General Discussion
In reply to the discussion: Marriage tips from a rapist, on ABC [View all]sub.theory
(652 posts)I know you don't support domestic violence, and I'm not trying to suggest that you do. I know you wouldn't and I am using that to try and show you that this situation is quite similar. Just because he married her doesn't change the fact that she raped him. Just as a woman marrying an abusive man her doesn't change the fact that he beats her. It is wrong and there is no possible justification for it.
I don't think that anyone is trying to separate these two people and no one even stopped them from marrying. What everyone here, including myself, are reacting to is the denial that this is rape. It is rape. It may not seem like it's a big deal, but it is. If you have trouble seeing that, you are certainly not alone, because it is not uncommon in our society. This is why we have to keep speaking up about it, because people need to know that this is wrong. It's a good thing that you are feeling unsure now, because it means that you are seriously considering what we are saying.
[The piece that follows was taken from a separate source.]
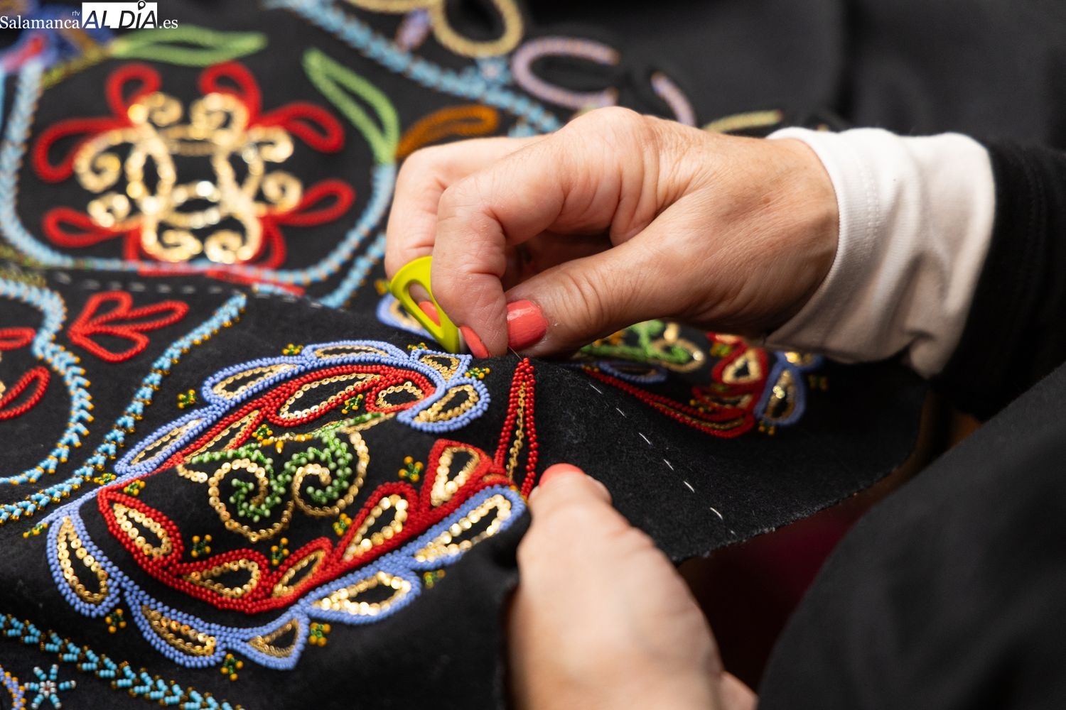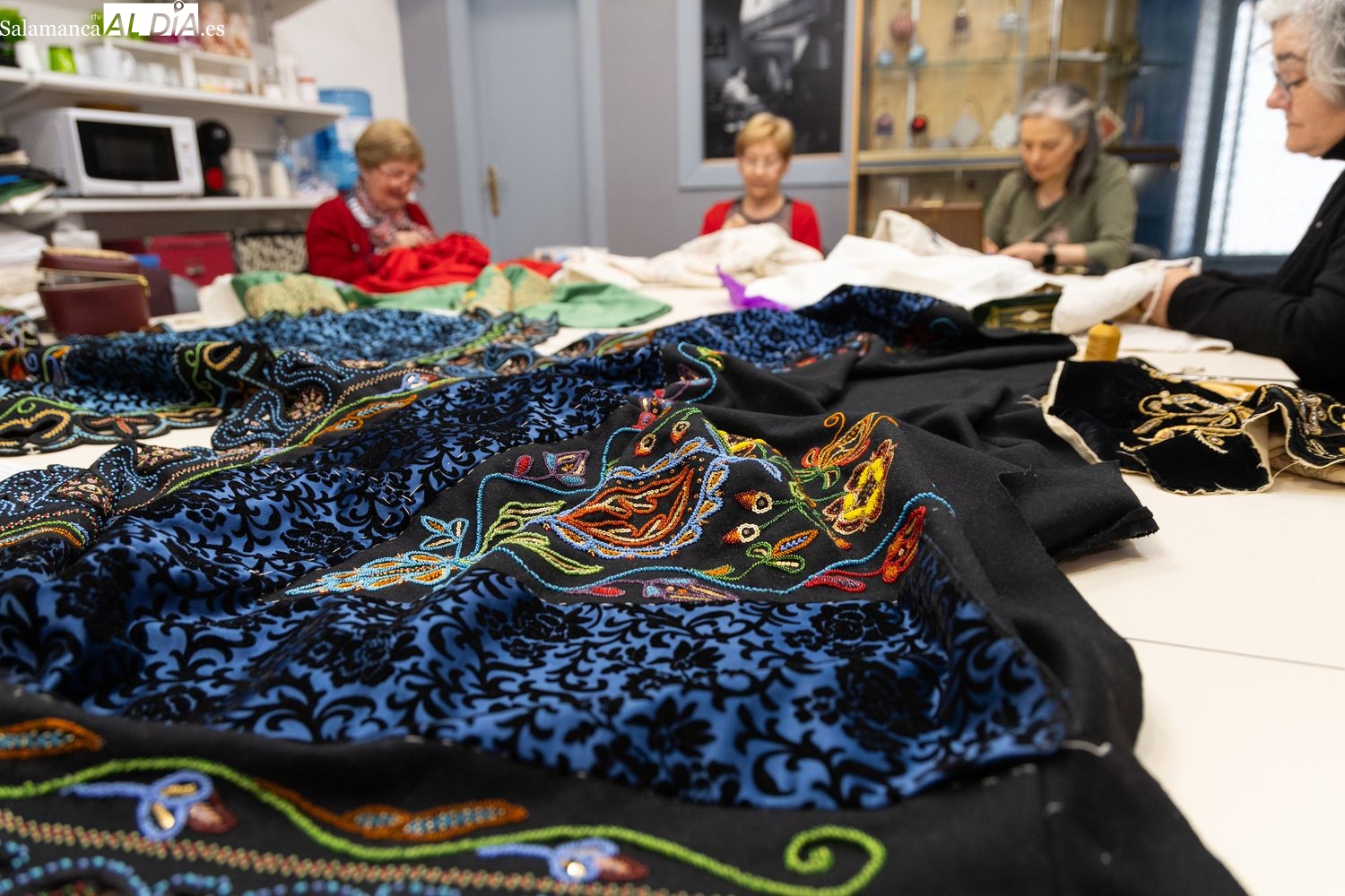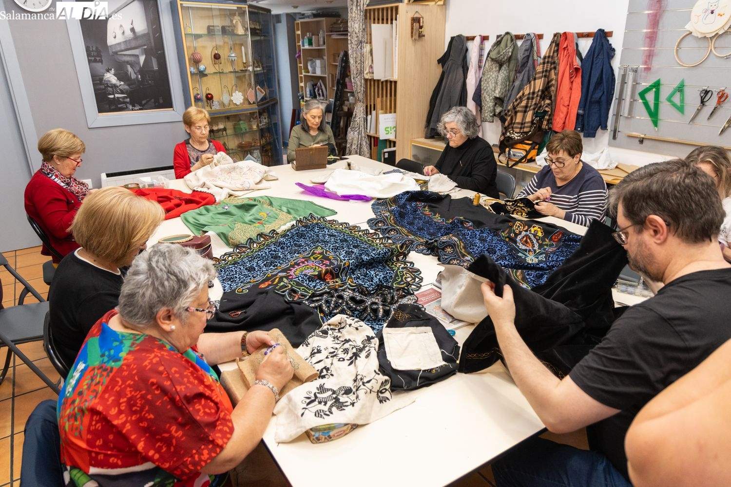 El catálogo de labores que se imparten en el aula abarca la práctica totalidad de los adornos históricos. Entre las técnicas más demandadas, el bordado con mostacillas destaca especialmente. "Suele llamar mucho la atención por lo vistoso que es y gusta mucho", ha señalado el charro. Sin embargo, el currículo va mucho más allá, incluyendo el bordado de mantones, el bordado a realce, los deshilados y las vainicas.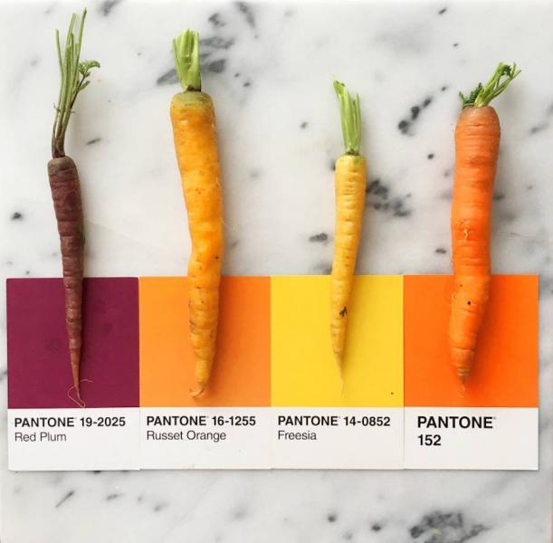A színek és ízek ilyen jellegű kérdései ihlették meg Luci Litmant is, aki évek óta készít grafikákat az ételekről, egyik legismertebb munkájában pedig Pantone színskálán helyezi el a legkülönbözőbb ennivalókat.

Rape is a horrific crime that causes lifelong scars. It is one of the most depraved, most vile crimes possible. This is an issue that deeply impacts me and it has tremendous personal significance, because there is a woman very close to me that has been raped and was sexually abused as a child. I have seen with my own eyes the damage that has been done and how it affects her to this day. She still sometimes wakes up screaming at nights having nightmares. It is just impossible to overstate how damaging rape is, and I think it is something that many people don't understand unless they closely know someone who has been raped. I probably wouldn't fully understand either how it forever changes lives if I hadn't seen it firsthand. I am most certainly not trying to minimize rape - far, far from it. I am trying to treat it with the deadly seriousness that it deserves, and that is why I am being so insistent that this is rape.